Sommige van die kinderen trekken hun voorliefde voor een bepaald
voedingsmiddel tot in het extreme door, waarbij het geliefde
voedsel overmatig wordt gegeten. Sommige kinderen beperken hun
dieet tot een kleine selectie voedingsmiddelen, terwijl anderen
zulke innemers zijn dan ze niet eens weten wanneer ze voldaan
zijn.
Andere lichamelijke gebreken
De
typische motorische ijkpunten (bijv: gooien, vangen, schoppen)
kunnen vertraagd zijn, maar zullen in de meeste gevallen binnen
de normale grenzen vallen. Jongere kinderen met PDD-NOS hebben
gewoonlijk problemen met handigheidjes die imitatie inhouden,
zoals het klappen in de handen. Veel van deze kinderen zijn
overactief, maar dit lijkt in de meeste gevallen minder te worden
in en na de puberteit. Kinderen met PDD-NOS kunnen lichamelijke
gedragingen vertonen als grimassen, handzwaaien, handdraaien,
teenlopen, vooroverlopen, springen, sprinten, rennen,
body-rocking, heen-en-weer zwaaien, hoofdrollen of hoofdslaan. In
sommige gevallen vertoont het kind dit gedrag slechts af en toe,
in andere gevallen wordt het gedrag steeds vertoond. Het
hoofdslaan zorgt er voor dat vaak verhoogde concentraties aan
lichaamseigen morfines worden aangetroffen.
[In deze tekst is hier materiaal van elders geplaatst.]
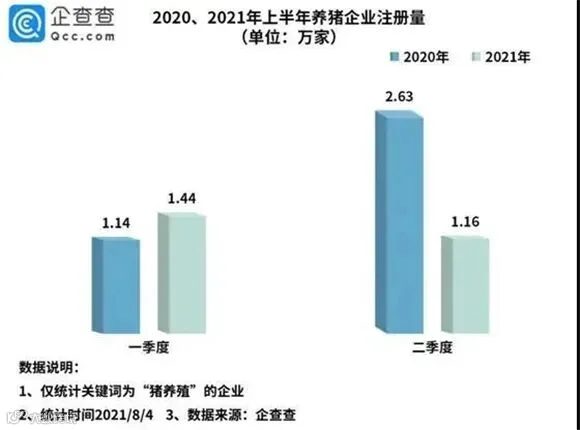 今年上半年共新增养猪企业2.6万家,同比下降31%。其中一季度注册量达1.44万家,同比增长25%。二季度注册量达1.16万家,环比下降56%。

Deze endorfines
onderdrukken pijn en werken verslavend. Het kind met PDD-NOS
zorgt er op deze wijze voor dat het zich 'lekker'
voelt.
Intelligentie en cognitieve gebreken
Gewoonlijk
scoren kinderen met PDD-NOS goed in testen die manipulatieve of
visuele vaardigheden of het korte termijngeheugen vereisen,
terwijl ze het vaak een stuk minder doen bij opdrachten die
symbolische of abstracte gedachten of stapsgewijze logica
vereisen. Het proces van leren en denken vertoont dus de
verwachte tekortkomingen, voornamelijk in het aandachtsveld van
imitatie, begrip van gesproken woorden en gebaren, flexibiliteit,
ontdekken, leren en toepassen van regels, en het gebruiken van
aangeleerde informatie. Toch vertoont een deel van de kinderen
met PDD-NOS een uitmuntend niet-intelligent geheugen en tevens
speciale vaardigheden in muziek, mechanica, wiskunde en
lezen.
Omdat kinderen met de ernstige vormen van PDD-NOS
zonder functionele spraak zijn, dan wel op geen enkele andere
wijze te testen zijn, vragen sommige onderzoekers zich af of het
testen van hun intelligentie wel nut heeft. Bovendien heeft men
bij vervolgstudies vastgesteld dat een deel van de kinderen grote
verbeteringen gaat vertonen in andere ontwikkelingsgebieden
zonder dat er een aantoonbare verandering in hun IQ heeft
plaatsgevonden. Vervolgstudies hebben ook vastgesteld dat
zwakzinnigheid, indien deze bij de eerste diagnose was
vastgesteld, lijkt te blijven bestaan. Kinderen met een laag IQ
vertonen een nog sterker beperkte sociale ontwikkeling. Zij
hebben meer de neiging om ongewone sociale reacties te vertonen,
zoals het aanraken of besnuffelen van mensen, alsmede
ritualistisch gedrag of zelf-mutilatie.
De laatste
stukjes informatie
De emotionele expressie van
kinderen met PDD-NOS kan vervlakt zijn of niet passen bij de
situatie. Ze kunnen, zonder aanwijsbare redenen, schreeuwen of
ontroostbaar snikken op het ene moment, terwijl ze even later
kunnen giechelen of hysterisch lachen. Aan echt gevaar, zoals
langsrazende auto's of indrukwekkende hoogten wordt nauwelijks
aandacht besteed, terwijl het kind plotseling bang lijkt te zijn
voor een ongevaarlijk object. Raak ze per ongeluk even aan en
kunnen ze onredelijk kwaad worden, maar knal per ongeluk met de
koppen keihard tegen elkaar en ze zullen lachen. Opzet en ongeluk
bestaan niet in hun wereld.
Tenslotte dient hier nog een
laatste groep van symptomen te worden genoemd, de 'tics'. Tics
(frequent oogknipperen, grimassen, schokken met het hoofd of
schouders, kuchen, keelschrapen, enz) komen veel voor en worden
beschouwd als een (dominant) erfelijke kwaal. Als tics gedurende
langere tijd voorkomen, dan wordt daar de term Syndroom van
(Gilles de la) Tourette (ook wel afgekort tot GTS) aan verbonden.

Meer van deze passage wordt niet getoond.